## ABOUT THIS EXERCISE:
Copy the listing below exactly. Pictures stay out of it.

EXTRACTED INFORMATION Block Start

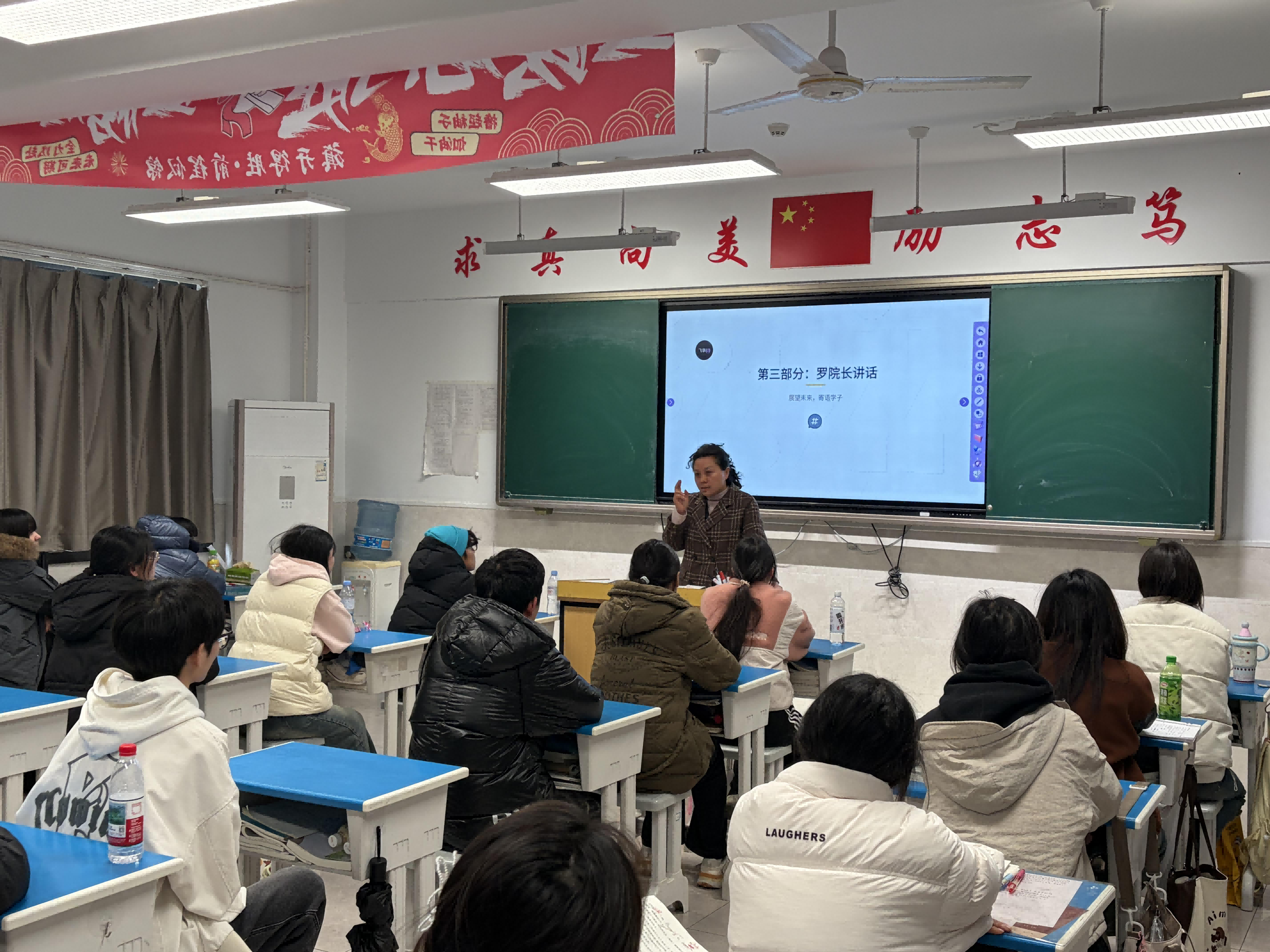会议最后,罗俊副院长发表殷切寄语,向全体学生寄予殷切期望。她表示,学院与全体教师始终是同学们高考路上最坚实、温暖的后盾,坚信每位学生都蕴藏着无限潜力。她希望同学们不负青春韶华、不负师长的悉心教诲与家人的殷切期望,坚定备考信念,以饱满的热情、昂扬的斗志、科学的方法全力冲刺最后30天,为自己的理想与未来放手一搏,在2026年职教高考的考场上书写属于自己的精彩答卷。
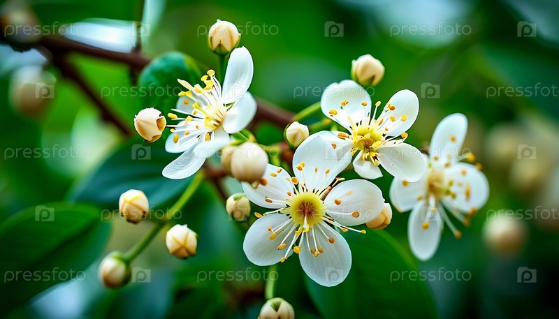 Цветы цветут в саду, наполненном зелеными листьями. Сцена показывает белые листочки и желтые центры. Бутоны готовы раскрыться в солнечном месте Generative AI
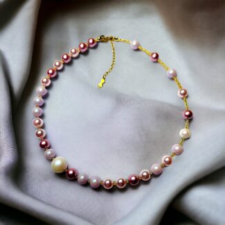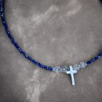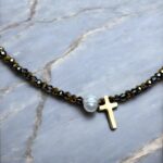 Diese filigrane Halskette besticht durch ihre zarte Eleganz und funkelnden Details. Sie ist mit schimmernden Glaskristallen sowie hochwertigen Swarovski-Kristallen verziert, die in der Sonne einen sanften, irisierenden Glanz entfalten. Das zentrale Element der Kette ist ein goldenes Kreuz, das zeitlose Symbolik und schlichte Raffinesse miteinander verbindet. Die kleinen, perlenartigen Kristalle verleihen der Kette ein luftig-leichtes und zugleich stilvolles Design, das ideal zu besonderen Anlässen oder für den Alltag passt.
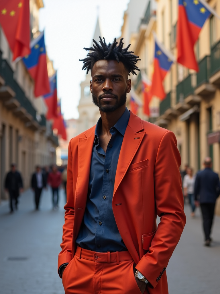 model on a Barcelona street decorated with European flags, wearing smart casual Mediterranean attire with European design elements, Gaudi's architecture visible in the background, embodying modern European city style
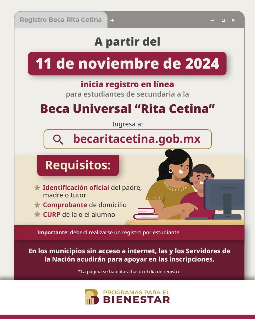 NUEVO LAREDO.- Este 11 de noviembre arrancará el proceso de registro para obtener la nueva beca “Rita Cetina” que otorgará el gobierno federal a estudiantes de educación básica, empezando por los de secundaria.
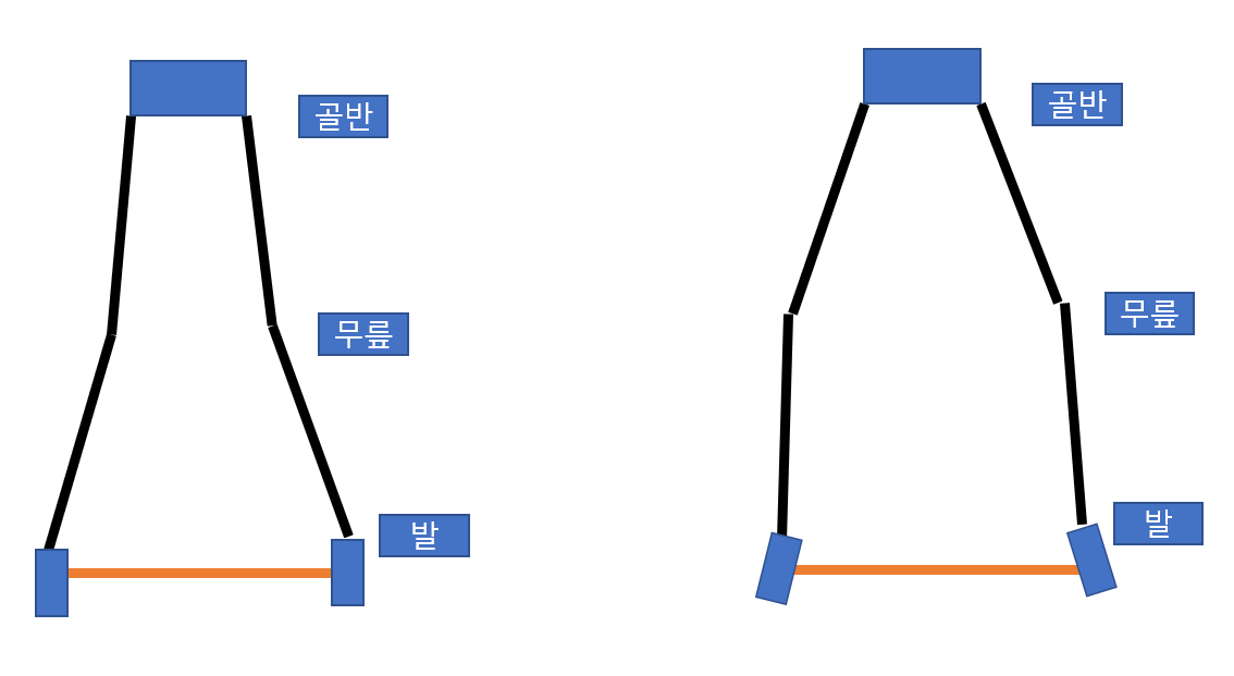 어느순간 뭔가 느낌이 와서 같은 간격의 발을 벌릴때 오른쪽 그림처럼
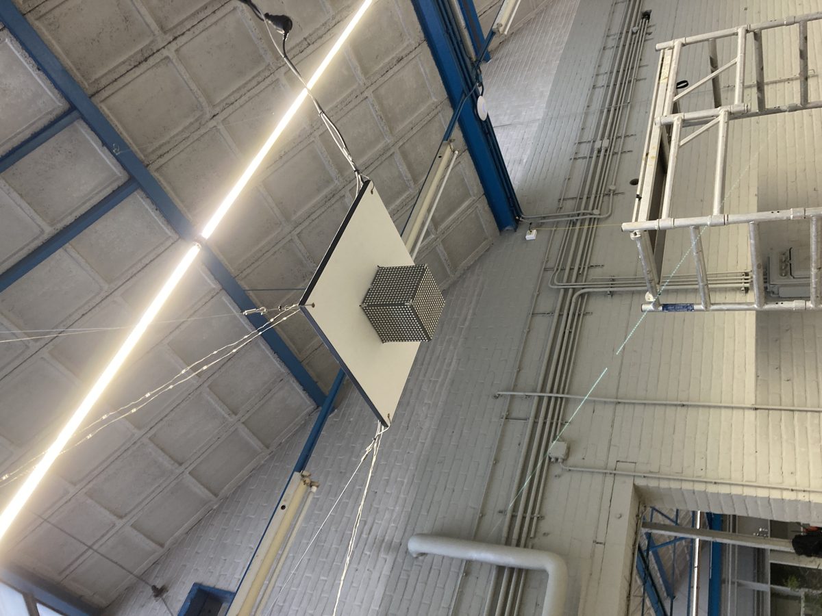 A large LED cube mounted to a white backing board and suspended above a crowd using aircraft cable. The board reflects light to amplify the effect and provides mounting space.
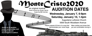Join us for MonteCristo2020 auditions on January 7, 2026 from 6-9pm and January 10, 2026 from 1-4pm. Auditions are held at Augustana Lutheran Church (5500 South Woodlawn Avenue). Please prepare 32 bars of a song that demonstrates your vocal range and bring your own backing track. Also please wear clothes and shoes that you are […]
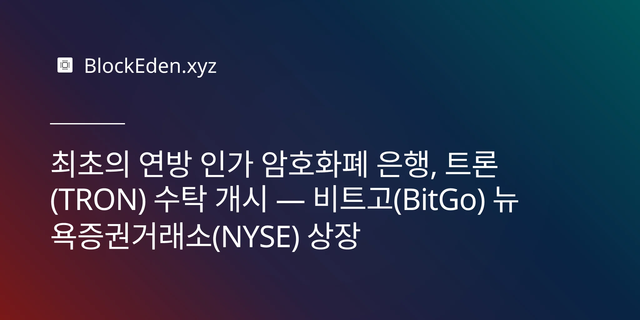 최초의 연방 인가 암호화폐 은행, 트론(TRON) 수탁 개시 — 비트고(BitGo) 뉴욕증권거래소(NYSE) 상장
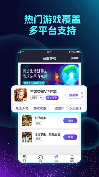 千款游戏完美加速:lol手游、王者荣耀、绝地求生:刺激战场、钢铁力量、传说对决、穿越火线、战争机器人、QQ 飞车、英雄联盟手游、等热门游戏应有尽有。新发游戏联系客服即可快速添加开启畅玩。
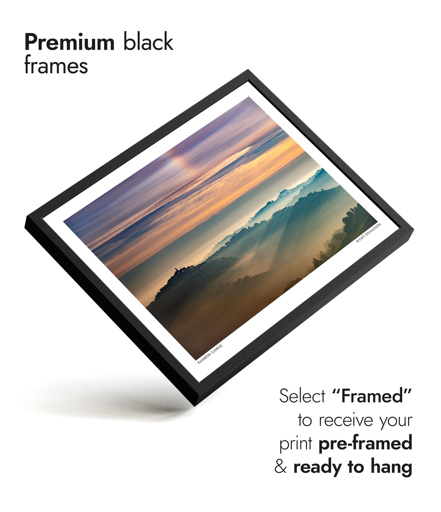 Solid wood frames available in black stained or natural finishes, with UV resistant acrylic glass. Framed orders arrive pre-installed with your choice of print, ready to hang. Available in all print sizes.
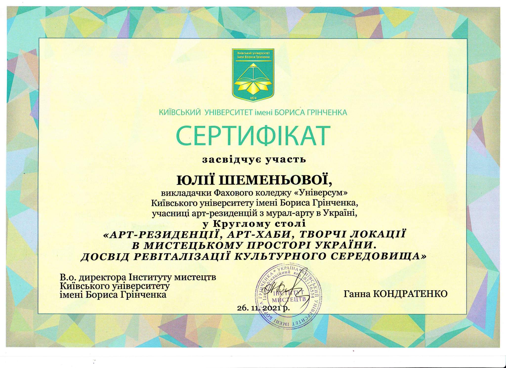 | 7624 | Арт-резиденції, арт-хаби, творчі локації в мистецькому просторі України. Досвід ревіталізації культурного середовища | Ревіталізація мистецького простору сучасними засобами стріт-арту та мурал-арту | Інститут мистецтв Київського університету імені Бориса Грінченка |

EXTRACTED INFORMATION Block End

## SOLUTION:
会议最后,罗俊副院长发表殷切寄语,向全体学生寄予殷切期望。她表示,学院与全体教师始终是同学们高考路上最坚实、温暖的后盾,坚信每位学生都蕴藏着无限潜力。她希望同学们不负青春韶华、不负师长的悉心教诲与家人的殷切期望,坚定备考信念,以饱满的热情、昂扬的斗志、科学的方法全力冲刺最后30天,为自己的理想与未来放手一搏,在2026年职教高考的考场上书写属于自己的精彩答卷。
 Цветы цветут в саду, наполненном зелеными листьями. Сцена показывает белые листочки и желтые центры. Бутоны готовы раскрыться в солнечном месте Generative AI
 Diese filigrane Halskette besticht durch ihre zarte Eleganz und funkelnden Details. Sie ist mit schimmernden Glaskristallen sowie hochwertigen Swarovski-Kristallen verziert, die in der Sonne einen sanften, irisierenden Glanz entfalten. Das zentrale Element der Kette ist ein goldenes Kreuz, das zeitlose Symbolik und schlichte Raffinesse miteinander verbindet. Die kleinen, perlenartigen Kristalle verleihen der Kette ein luftig-leichtes und zugleich stilvolles Design, das ideal zu besonderen Anlässen oder für den Alltag passt.
 model on a Barcelona street decorated with European flags, wearing smart casual Mediterranean attire with European design elements, Gaudi's architecture visible in the background, embodying modern European city style
 NUEVO LAREDO.- Este 11 de noviembre arrancará el proceso de registro para obtener la nueva beca “Rita Cetina” que otorgará el gobierno federal a estudiantes de educación básica, empezando por los de secundaria.
 어느순간 뭔가 느낌이 와서 같은 간격의 발을 벌릴때 오른쪽 그림처럼
 A large LED cube mounted to a white backing board and suspended above a crowd using aircraft cable. The board reflects light to amplify the effect and provides mounting space.
Join us for MonteCristo2020 auditions on January 7, 2026 from 6-9pm and January 10, 2026 from 1-4pm. Auditions are held at Augustana Lutheran Church (5500 South Woodlawn Avenue). Please prepare 32 bars of a song that demonstrates your vocal range and bring your own backing track. Also please wear clothes and shoes that you are […]
 최초의 연방 인가 암호화폐 은행, 트론(TRON) 수탁 개시 — 비트고(BitGo) 뉴욕증권거래소(NYSE) 상장
 千款游戏完美加速:lol手游、王者荣耀、绝地求生:刺激战场、钢铁力量、传说对决、穿越火线、战争机器人、QQ 飞车、英雄联盟手游、等热门游戏应有尽有。新发游戏联系客服即可快速添加开启畅玩。
 Solid wood frames available in black stained or natural finishes, with UV resistant acrylic glass. Framed orders arrive pre-installed with your choice of print, ready to hang. Available in all print sizes.
 | 7624 | Арт-резиденції, арт-хаби, творчі локації в мистецькому просторі України. Досвід ревіталізації культурного середовища | Ревіталізація мистецького простору сучасними засобами стріт-арту та мурал-арту | Інститут мистецтв Київського університету імені Бориса Грінченка |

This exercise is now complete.